Frontend Development:

Created a search page that queries file metadata. Search results are sorted by relevance. Implemented previews for PDF files and links to sources.

Telegram Parser Bot:

Developed a fully functional Telegram parser bot that collects data from Telegram channels and sends it to the server.

Challenges & Solutions #

It turned out that just a zip file is not suitable for delivering a browser extension, because… modern browsers will limit it. The only solution here is to upload the extension to browser’s extension store. To do this, we needed to describe the purpose of the extension, what data it collects, attach screenshots and source code. Moreover, we had to write a privacy policy for users. Mozilla Addons has already accepted our extension (the verification took three days), but there are problems related to application permissions. We also filled out an form on Chrome Web Store, but there is no response yet.

Minio storage requires a dedicated domain, so we filled out an application with the IT department to get it.

The servers with video cards had outdated packages, some of them were able to be updated, but the cuda libraries could not be updated, so we had to limit the PyTorch version in our project.

Conclusions & Next Steps #

Finally, we were able to see and click on the results of our work.
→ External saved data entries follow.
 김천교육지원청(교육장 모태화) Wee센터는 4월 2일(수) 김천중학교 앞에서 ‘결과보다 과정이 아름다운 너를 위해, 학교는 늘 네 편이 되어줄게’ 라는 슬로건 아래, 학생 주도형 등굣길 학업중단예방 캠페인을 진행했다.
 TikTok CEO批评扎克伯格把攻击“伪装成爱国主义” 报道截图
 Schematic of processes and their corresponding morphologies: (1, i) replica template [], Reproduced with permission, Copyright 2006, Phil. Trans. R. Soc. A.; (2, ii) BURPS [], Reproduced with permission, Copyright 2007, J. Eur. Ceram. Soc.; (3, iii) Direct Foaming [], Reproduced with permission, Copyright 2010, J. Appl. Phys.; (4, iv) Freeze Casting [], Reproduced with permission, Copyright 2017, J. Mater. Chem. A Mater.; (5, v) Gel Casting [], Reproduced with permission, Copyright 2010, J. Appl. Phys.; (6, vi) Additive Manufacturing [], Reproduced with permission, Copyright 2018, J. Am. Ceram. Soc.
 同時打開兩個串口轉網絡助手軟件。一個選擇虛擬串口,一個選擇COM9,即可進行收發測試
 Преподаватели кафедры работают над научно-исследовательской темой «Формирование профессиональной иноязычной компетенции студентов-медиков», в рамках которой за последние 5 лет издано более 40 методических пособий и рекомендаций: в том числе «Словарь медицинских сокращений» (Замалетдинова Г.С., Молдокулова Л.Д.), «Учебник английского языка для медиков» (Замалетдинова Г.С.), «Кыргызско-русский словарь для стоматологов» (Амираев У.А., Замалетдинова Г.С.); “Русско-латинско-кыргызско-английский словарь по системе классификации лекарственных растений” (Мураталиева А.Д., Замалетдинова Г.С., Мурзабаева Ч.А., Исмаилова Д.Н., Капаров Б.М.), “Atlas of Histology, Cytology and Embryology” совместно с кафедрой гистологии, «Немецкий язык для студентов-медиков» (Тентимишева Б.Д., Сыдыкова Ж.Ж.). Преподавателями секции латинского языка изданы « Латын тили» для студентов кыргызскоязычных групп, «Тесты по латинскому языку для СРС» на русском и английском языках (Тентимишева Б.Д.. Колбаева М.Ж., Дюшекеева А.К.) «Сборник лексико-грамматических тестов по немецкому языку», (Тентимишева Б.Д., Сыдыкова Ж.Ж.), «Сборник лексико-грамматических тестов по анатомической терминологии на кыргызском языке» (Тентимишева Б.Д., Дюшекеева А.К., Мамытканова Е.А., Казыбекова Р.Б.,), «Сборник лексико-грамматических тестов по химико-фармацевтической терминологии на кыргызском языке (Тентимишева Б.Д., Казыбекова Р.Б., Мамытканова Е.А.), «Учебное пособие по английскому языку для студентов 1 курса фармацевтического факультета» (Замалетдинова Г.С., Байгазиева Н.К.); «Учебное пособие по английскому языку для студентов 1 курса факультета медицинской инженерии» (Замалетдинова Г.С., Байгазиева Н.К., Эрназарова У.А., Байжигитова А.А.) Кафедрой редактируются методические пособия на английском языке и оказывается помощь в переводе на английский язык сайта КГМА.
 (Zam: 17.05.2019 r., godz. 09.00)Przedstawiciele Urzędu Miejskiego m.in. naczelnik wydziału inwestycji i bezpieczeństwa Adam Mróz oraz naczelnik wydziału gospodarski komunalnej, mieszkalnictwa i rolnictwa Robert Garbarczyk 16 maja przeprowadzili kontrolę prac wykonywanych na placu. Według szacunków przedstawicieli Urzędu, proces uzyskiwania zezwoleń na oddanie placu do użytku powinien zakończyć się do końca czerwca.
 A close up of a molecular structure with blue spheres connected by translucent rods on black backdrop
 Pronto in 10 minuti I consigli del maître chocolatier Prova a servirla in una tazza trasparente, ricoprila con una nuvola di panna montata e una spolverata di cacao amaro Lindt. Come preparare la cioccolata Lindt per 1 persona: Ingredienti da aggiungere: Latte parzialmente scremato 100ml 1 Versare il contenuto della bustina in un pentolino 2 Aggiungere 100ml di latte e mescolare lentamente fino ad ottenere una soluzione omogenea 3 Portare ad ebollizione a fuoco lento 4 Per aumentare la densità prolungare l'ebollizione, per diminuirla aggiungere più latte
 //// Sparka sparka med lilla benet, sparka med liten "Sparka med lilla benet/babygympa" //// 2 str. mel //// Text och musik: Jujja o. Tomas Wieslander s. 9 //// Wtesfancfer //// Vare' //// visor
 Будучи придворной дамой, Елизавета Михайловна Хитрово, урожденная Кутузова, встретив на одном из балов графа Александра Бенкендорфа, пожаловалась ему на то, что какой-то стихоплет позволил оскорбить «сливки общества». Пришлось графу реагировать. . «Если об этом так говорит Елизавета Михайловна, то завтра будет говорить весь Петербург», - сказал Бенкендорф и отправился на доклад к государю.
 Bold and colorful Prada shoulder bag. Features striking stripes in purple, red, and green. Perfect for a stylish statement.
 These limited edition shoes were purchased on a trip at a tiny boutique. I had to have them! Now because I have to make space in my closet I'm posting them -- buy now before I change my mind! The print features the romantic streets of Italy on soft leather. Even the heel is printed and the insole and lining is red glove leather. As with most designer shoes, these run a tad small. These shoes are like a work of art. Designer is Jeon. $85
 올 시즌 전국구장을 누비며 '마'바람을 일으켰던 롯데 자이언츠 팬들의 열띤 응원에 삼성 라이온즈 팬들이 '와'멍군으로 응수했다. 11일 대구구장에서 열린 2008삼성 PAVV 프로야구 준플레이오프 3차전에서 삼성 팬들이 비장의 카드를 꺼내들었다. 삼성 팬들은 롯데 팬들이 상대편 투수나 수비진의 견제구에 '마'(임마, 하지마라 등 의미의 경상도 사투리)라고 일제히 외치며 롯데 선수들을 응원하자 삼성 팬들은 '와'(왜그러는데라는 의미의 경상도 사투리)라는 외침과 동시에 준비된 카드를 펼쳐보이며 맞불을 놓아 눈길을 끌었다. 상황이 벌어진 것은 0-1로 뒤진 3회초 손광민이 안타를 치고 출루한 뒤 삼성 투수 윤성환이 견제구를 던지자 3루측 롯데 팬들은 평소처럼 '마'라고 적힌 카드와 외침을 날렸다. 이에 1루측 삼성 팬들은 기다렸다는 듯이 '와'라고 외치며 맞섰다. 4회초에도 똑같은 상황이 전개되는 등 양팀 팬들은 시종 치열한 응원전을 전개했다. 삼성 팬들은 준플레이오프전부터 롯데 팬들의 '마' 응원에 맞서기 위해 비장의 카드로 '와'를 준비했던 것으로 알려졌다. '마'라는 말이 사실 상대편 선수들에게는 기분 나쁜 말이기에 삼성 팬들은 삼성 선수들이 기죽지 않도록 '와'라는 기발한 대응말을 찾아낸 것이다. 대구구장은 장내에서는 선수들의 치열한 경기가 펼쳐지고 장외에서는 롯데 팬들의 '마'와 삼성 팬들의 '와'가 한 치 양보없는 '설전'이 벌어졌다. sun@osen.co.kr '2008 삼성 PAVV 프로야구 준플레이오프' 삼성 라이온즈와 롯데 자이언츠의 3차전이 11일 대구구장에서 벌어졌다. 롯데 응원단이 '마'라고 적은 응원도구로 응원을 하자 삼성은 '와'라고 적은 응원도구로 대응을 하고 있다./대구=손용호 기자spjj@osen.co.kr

It’s nice, we would like to keep the temp. We plan to continue to have weekly synchronization meetings where we outline work for the next sprint.

We would like to rework the “Search” page to match the Google Search style, and move the existing template into a separate “Ask” page because it suits LLM-generated answer more.

There are also plans to collect more data for our experiments in the field of AI, for this we will add a new remote ( Minio from backend part) to our DVC. We also need to speed up the PDF processing library, as it takes too much time.